What isn’t shared often enough is the true value of a business plan: the process of creating it. If you’re going to come up with an idea and define the strategy, you owe it to the idea to go through the process of developing a business plan. It forces every potential issue to be confronted head-on, leading to a much more well-rounded strategy.

No business plan has ever been 100% accurate, nor should it. That’s not the point. The creation process helps you digest exactly what your requirements, dependencies and risks are before you waste time barking up the wrong tree. If you’ve done your job, every move your company makes will be intuitively linked to a bigger picture.

A good business plan isn’t something that should be made once and forgotten, either. Redoing a business plan from scratch every year is a great way to process what you’ve learned and use it to move forward productively. You may even realize what you thought you were making turned out to be something completely different.

The best framework for figuring out how your idea is going to work, and how you’re going to grow a business, is sitting right in front of you.

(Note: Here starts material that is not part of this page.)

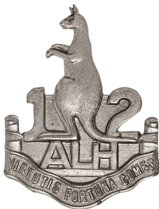
2700* 12th Light Horse Regiment (New England Light Horse), 1930-42, hat badge in white metal (51mm) (Cossum p8, c). Extremely fine.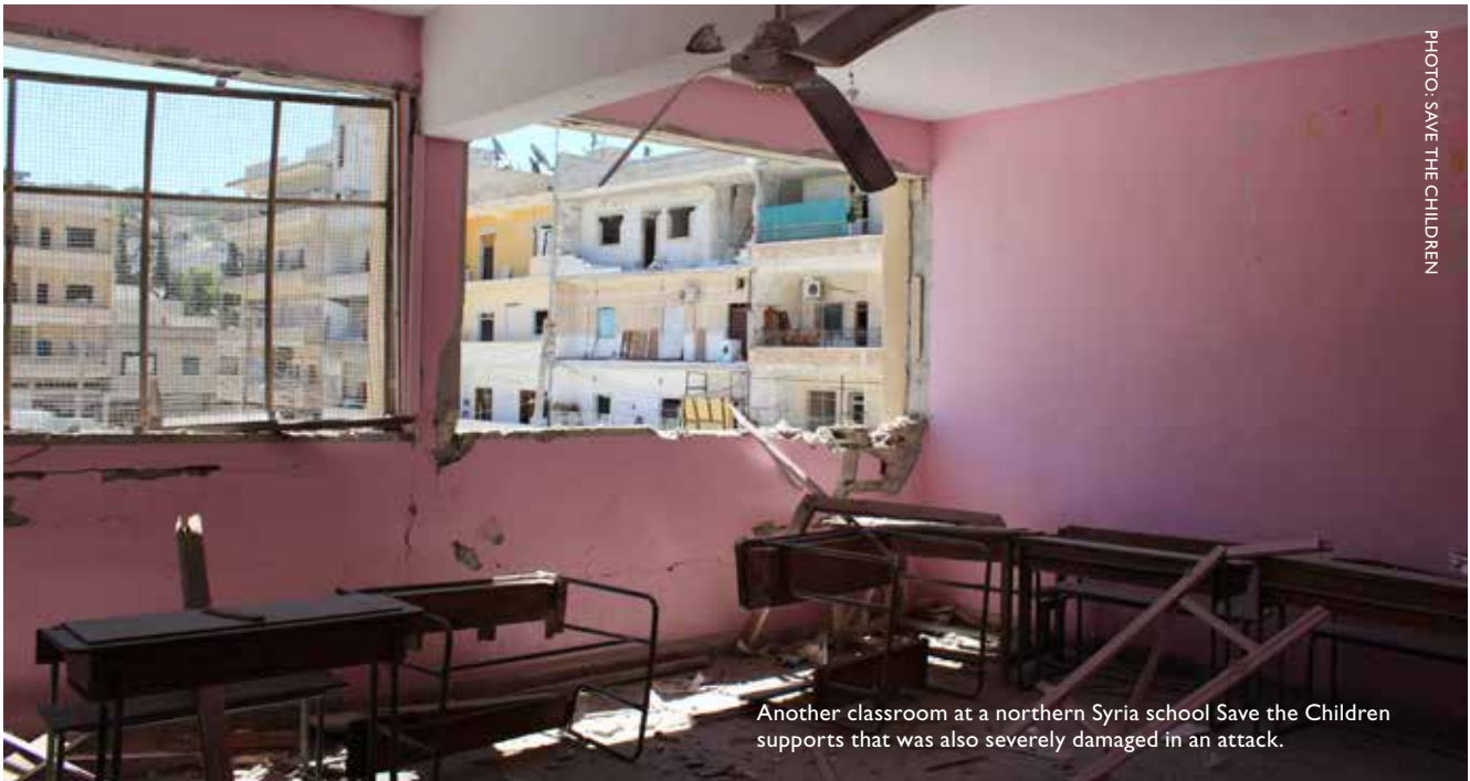
Another classroom at a northern Syria school Save the Children supports that was also severely damaged in an attack.

Instead, the startup scene is going in the opposite direction. Y Combinator recently announced their weird “No Idea” initiative: funding entrepreneurs who don’t yet have an idea. In their words, “if the only thing holding you back from starting a startup is not having an idea for one, now nothing is holding you back.”

The logic: if they fund a person, that person will then come up with an idea, then create an all-star team to execute on the idea, which then generates tons of profit, which then exits. 

I get it. Investing in the team, not the idea. The problem is, it’s taking something that is already risky and making it even riskier. I guess Y Combinator isn’t disappointed enough in their sub-average 8% company exits.

Plus, correct me if I’m wrong, but don’t you need to have an idea to be an entrepreneur?